December 13, 2019
Healthcare remains a key issue for voters ahead of the 2020 elections, with drug pricing reform, patient affordability and the changing role of the consumer major themes for both the U.S. pharmaceutical industry and the 2020 presidential candidates. J.P. Morgan Research explores the outlook for the industry in 2020 ahead of the election and beyond.
The cost of drugs in the U.S. has long been a controversial topic, as out-of-pocket expenses for consumers have risen sharply for patients in recent years. Nearly 8 in 10 Americans say the cost of prescription drugs is unreasonable, with voters from both parties agreeing that reducing the cost of prescription drugs should be one of Congress’ top priorities, according to a recent poll by the Kaiser Family Foundation.
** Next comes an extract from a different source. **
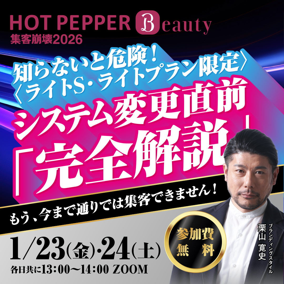 ホットペッパービューティー集客崩壊2026 知らないと危険!〈ライトS・ライトプラン限定〉2026年3月システム変更直前「完全解説」 開催日時 2026/1/23(金) 13:00 〜 14:00 カレンダーに追加 Google Mac (iOS) 2026/1/24(土) 13:00 〜 14:00 カレンダーに追加 Google Mac (iOS) 開催地 オンライン開催 申し込みフォーム 会社名(店舗名)必須 名前必須 ふりがな必須 電話番号 ※当日連絡のつく電話番号を入力ください メールアドレス必須 メールアドレス(確認用)必須 営業担当必須 「エステプロ・ラボ」商品は導入されていますか?必須 はい いいえ 当セミナーをどこで知りましたか?必須 メルマガ SNS(Facebook・Instagramなど) Pro Labo セミナーガイド(Webサイト) プロラボ公式LINE プロラボ担当営業からの案内 その他 定員を超過しています × 懇親会の定員を名超過しているため受付できません 定員を超過しています × 申し込み合計人数が定員から名超過しているため受付できません キャンセル待ち受付中 × 定数に達している為、「キャンセル待ち」にて申込ます。よろしいでしょうか? 内容の最終確認 × 申し込みフォーム

“Patients are increasingly aware and exposed to the cost of medication and I think the industry was a little bit late in embracing this idea of not just developing a drug, but making the drug affordable to patients. We're seeing them really start to address this, with more constructive dialogue as pharma companies engage with payers to ensure drugs are not just approved, but also affordable and accessible for patients,” said U.S. Major and Specialty Pharmaceuticals Senior Analyst at J.P. Morgan, Chris Schott.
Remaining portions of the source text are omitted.